Les planches à voile Bic dans les années 1990

Dans les années 1990, BIC était l'un des principaux fabricants de planches à voile. La marque proposait une large gamme de modèles pour différents niveaux de pratique, des planches pour débutants aux planches de compétition.

Caractéristiques techniques générales des planches à voile Bic des années 1990 :

  • Matériaux : Les planches étaient généralement construites en polyéthylène, un matériau résistant et durable, adapté à la production en grande série.
  • Dimensions : Les dimensions variaient en fonction du modèle et du niveau de pratique. Les planches pour débutants étaient plus larges et plus longues, offrant une meilleure stabilité. Les planches de compétition étaient plus étroites et plus courtes, favorisant la maniabilité et la vitesse.
  • Volume : Le volume, exprimé en litres, déterminait la flottabilité de la planche.
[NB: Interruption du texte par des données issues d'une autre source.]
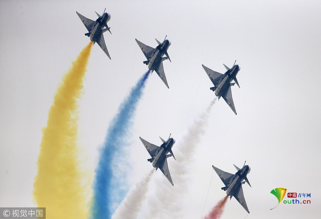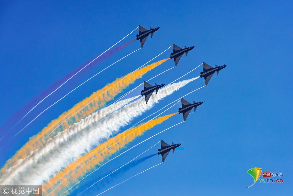 2018年11月8日,廣東珠海,第十二屆中國國際航展第三天??哲姟鞍艘弧憋w行表演隊的隊員們,發(fā)揚連續(xù)作戰(zhàn)精神,給觀眾們表演了七機分組開花、四機編隊橫滾等高難動作,受到觀眾們的稱贊。視覺中國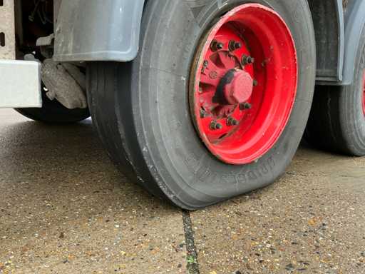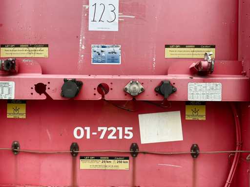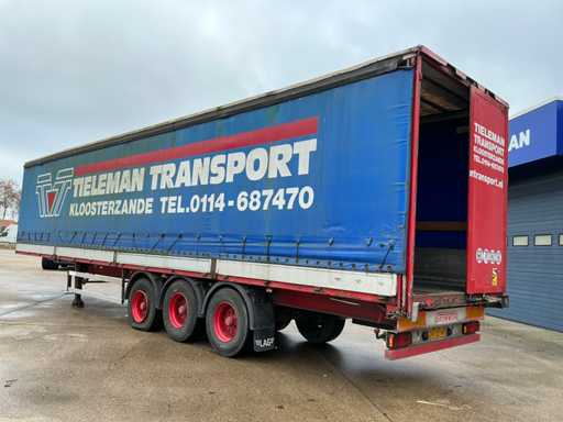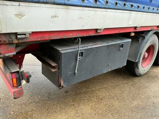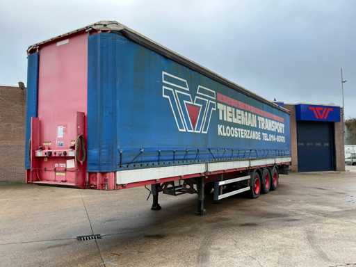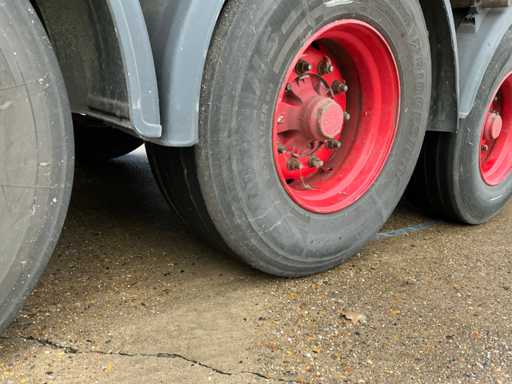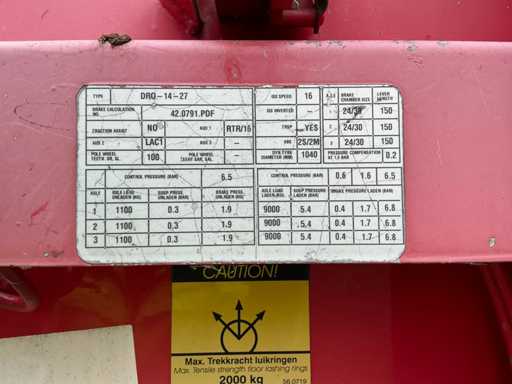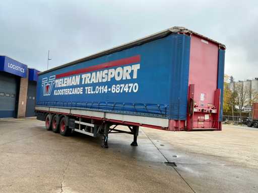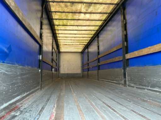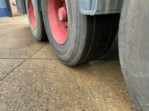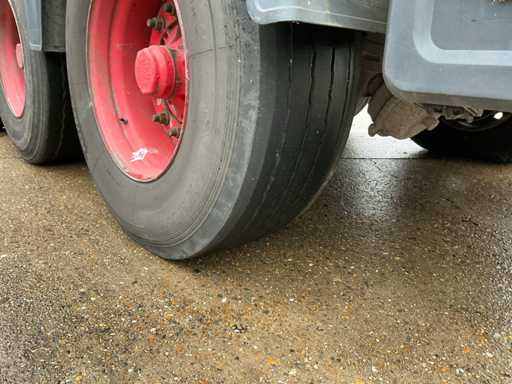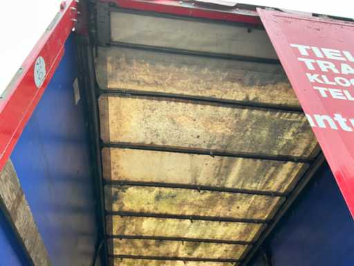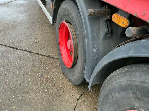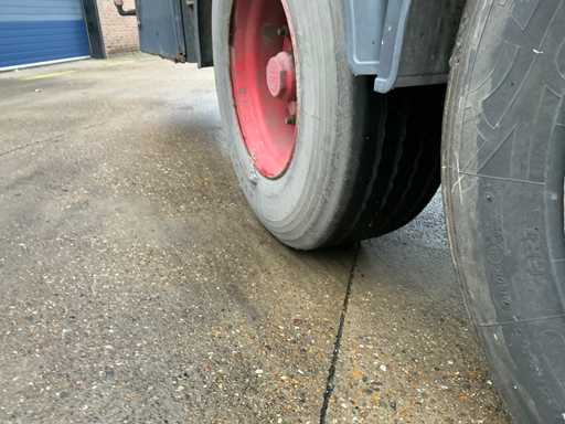 Maximale Masse 41000 kg, Radstand 879 cm; Abstandsmittelkupplung zum Heck des Fahrzeugs 1200 cm, Achse 1 als Hubachse ausgeführt; Ausgestattet mit luftgefederten BPW-Achsen, die erste Achse ist eine Hubachse, Aluminium-Seitenbretter, Vorhänge und Schiebedach, Reifengröße 385/65R22.5, eine Tür fehlt, Reifen sind platt

Un volume plus important permettait de supporter un poids plus élevé et facilitait le planing.
  • Forme de la carène : La forme de la carène (la partie inférieure de la planche) influençait le comportement de la planche sur l'eau. Les carènes plates favorisaient le planing, tandis que les carènes en V amélioraient la maniabilité.
  • Équipement : Les planches étaient équipées d'une dérive (pour la remontée au vent), d'un aileron (pour la stabilité et la direction), d'un pied de mât (pour fixer le gréement) et de straps (pour caler les pieds).

Quelques modèles de planches à voile Bic des années 1990 :

  • Bic Dufour Wing : La première planche à voile lancée par BIC.
  • Bic Astro Rock : Une planche polyvalente adaptée aux débutants et auxConfirmés.
  • Bic Techno 133 : Une planche plus récente, conçue pour le planing et le jibe.

Conseils pour améliorer sa pratique de la planche à voile

  • Réglages : Maîtriser les réglages de sa planche (position du pied de mât, étarquage de la voile) est essentiel pour optimiser ses performances.
  • Conditions de vent : Choisir une voile adaptée aux conditions de vent est crucial pour planer et jibber facilement.
  • Cours : Prendre des cours avec un moniteur qualifié permet d'acquérir les bases techniques et d'améliorer sa navigation.
  • Matériel : Investir dans du matériel de qualité (mât, wishbone) peut améliorer le confort et les performances.